**Required action**
Transcribe the listing below exactly, leaving out each image.

**Input data**
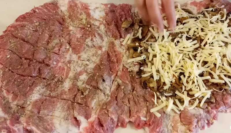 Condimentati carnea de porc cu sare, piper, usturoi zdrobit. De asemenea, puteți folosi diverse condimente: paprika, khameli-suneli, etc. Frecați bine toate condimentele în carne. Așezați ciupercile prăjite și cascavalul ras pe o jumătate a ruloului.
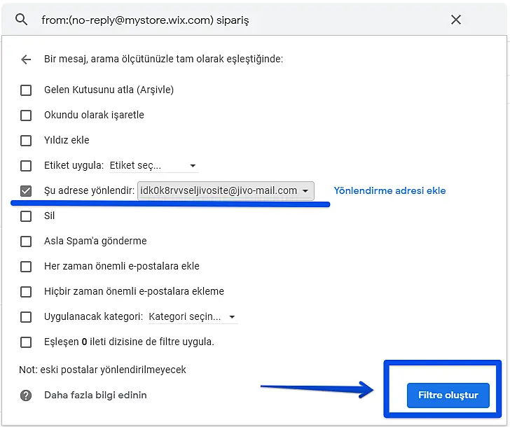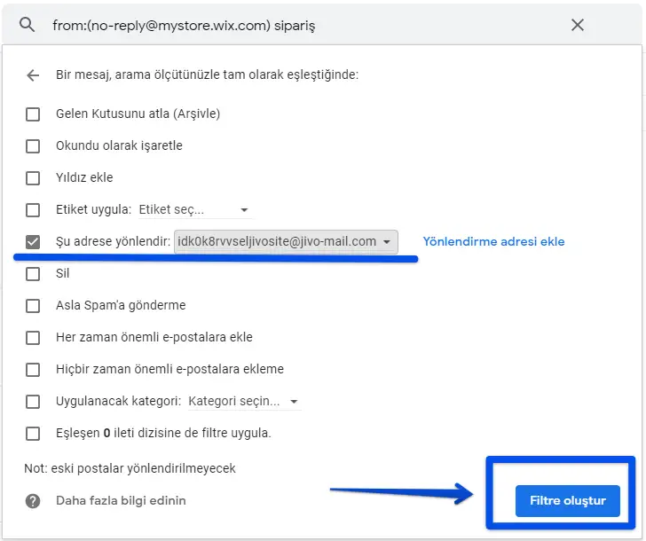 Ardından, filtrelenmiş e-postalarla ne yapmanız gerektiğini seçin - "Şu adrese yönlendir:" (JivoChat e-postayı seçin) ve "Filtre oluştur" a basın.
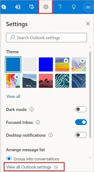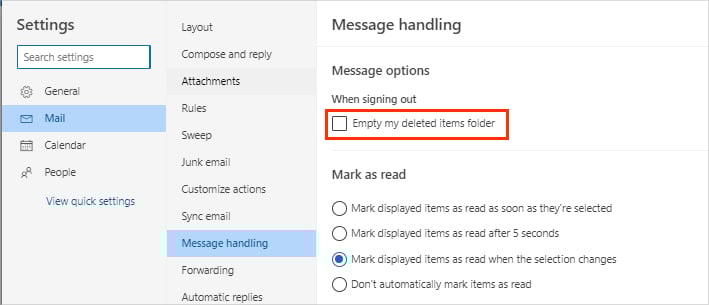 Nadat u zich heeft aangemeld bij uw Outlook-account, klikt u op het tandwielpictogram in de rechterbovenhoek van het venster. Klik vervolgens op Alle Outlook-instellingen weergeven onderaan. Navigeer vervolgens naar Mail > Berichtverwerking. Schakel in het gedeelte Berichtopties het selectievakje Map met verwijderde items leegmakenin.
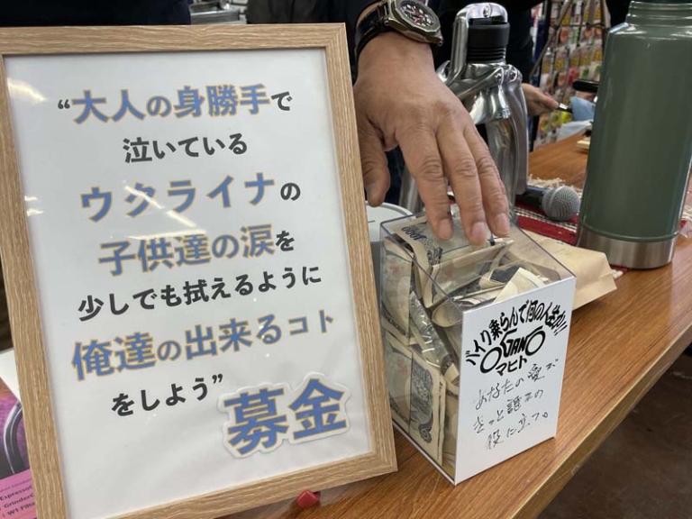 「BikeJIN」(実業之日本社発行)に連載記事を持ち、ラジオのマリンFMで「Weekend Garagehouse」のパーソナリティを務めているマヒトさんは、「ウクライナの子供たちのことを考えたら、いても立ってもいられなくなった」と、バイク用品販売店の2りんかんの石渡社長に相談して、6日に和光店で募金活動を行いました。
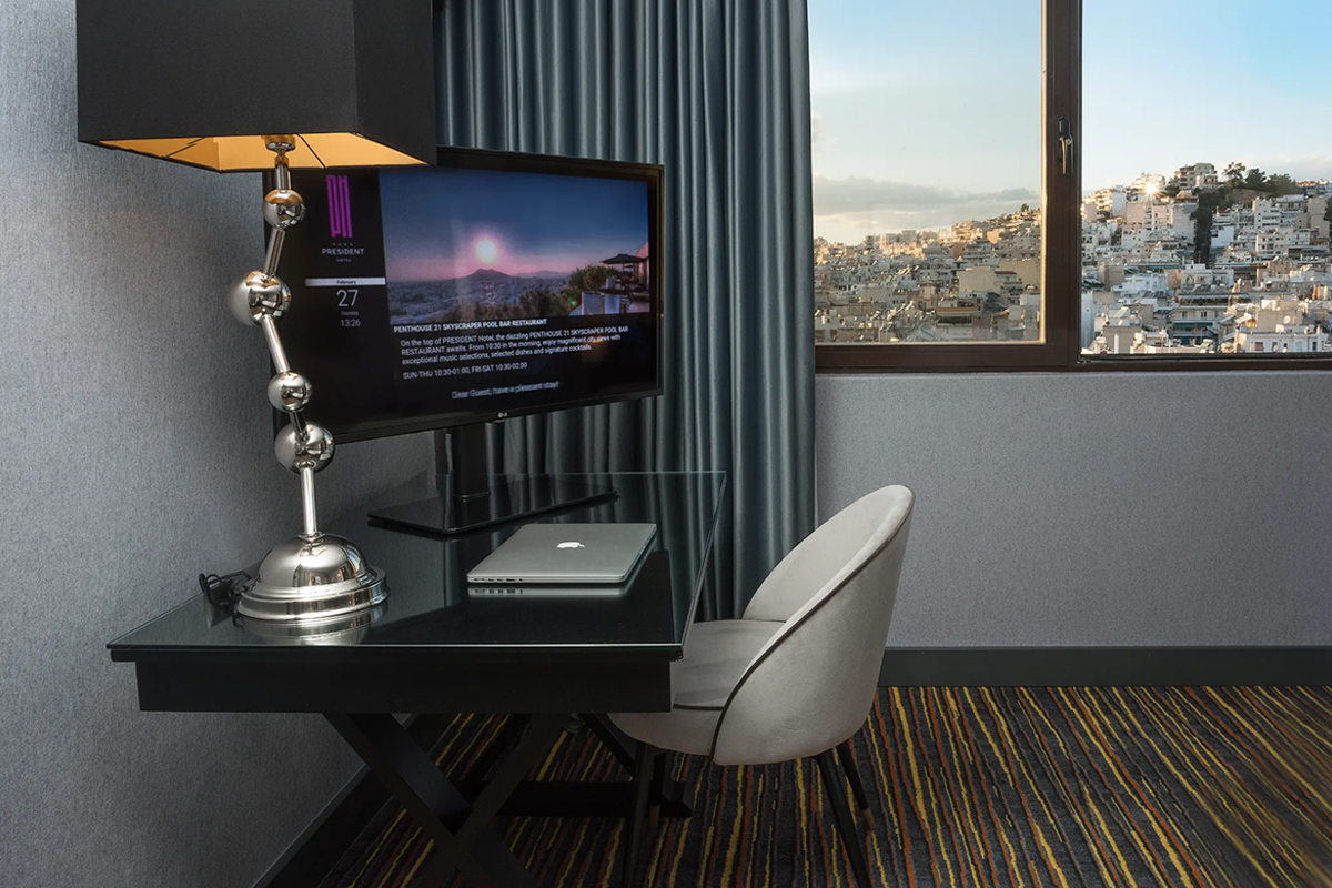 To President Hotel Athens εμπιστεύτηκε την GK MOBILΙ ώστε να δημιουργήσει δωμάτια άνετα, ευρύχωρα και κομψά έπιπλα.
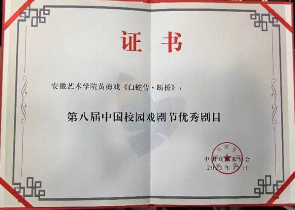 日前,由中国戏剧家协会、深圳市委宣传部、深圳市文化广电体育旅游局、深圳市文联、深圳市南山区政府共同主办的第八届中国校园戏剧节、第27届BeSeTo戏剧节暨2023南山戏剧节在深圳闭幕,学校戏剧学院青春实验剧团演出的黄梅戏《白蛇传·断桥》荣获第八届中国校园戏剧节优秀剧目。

**Your solution**
 Condimentati carnea de porc cu sare, piper, usturoi zdrobit. De asemenea, puteți folosi diverse condimente: paprika, khameli-suneli, etc. Frecați bine toate condimentele în carne. Așezați ciupercile prăjite și cascavalul ras pe o jumătate a ruloului.
 Ardından, filtrelenmiş e-postalarla ne yapmanız gerektiğini seçin - "Şu adrese yönlendir:" (JivoChat e-postayı seçin) ve "Filtre oluştur" a basın.
 Nadat u zich heeft aangemeld bij uw Outlook-account, klikt u op het tandwielpictogram in de rechterbovenhoek van het venster. Klik vervolgens op Alle Outlook-instellingen weergeven onderaan. Navigeer vervolgens naar Mail > Berichtverwerking. Schakel in het gedeelte Berichtopties het selectievakje Map met verwijderde items leegmakenin.
 「BikeJIN」(実業之日本社発行)に連載記事を持ち、ラジオのマリンFMで「Weekend Garagehouse」のパーソナリティを務めているマヒトさんは、「ウクライナの子供たちのことを考えたら、いても立ってもいられなくなった」と、バイク用品販売店の2りんかんの石渡社長に相談して、6日に和光店で募金活動を行いました。
 To President Hotel Athens εμπιστεύτηκε την GK MOBILΙ ώστε να δημιουργήσει δωμάτια άνετα, ευρύχωρα και κομψά έπιπλα.
 日前,由中国戏剧家协会、深圳市委宣传部、深圳市文化广电体育旅游局、深圳市文联、深圳市南山区政府共同主办的第八届中国校园戏剧节、第27届BeSeTo戏剧节暨2023南山戏剧节在深圳闭幕,学校戏剧学院青春实验剧团演出的黄梅戏《白蛇传·断桥》荣获第八届中国校园戏剧节优秀剧目。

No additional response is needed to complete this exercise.